*** COLLECTED MATERIAL ***

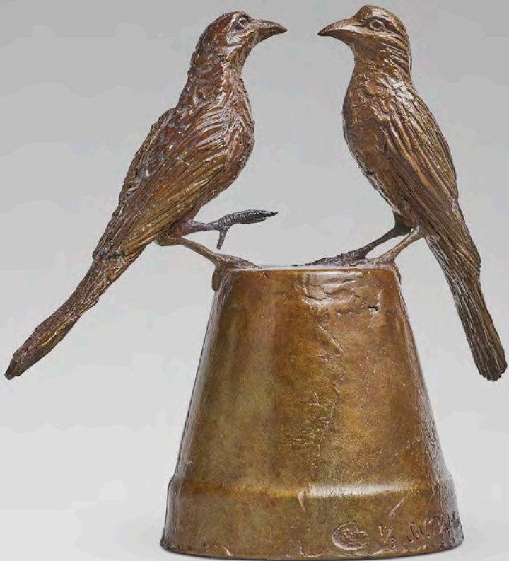
La rencontre - 20 x 18 x 12 cm
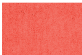
1002 CELTA CLARO POAL
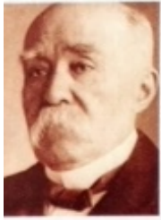
Georges Clemenceau Président du Conseil français de 1917 à 1920.
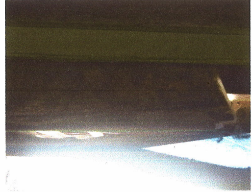
kaligrafi sebagai penjaga rumah

*** End of COLLECTED MATERIAL ***

◆ TASK DIRECTIONS
Pictures aside, reproduce all of the data exactly.

◆ SOLUTION
La rencontre - 20 x 18 x 12 cm
1002 CELTA CLARO POAL
Georges Clemenceau Président du Conseil français de 1917 à 1920.
kaligrafi sebagai penjaga rumah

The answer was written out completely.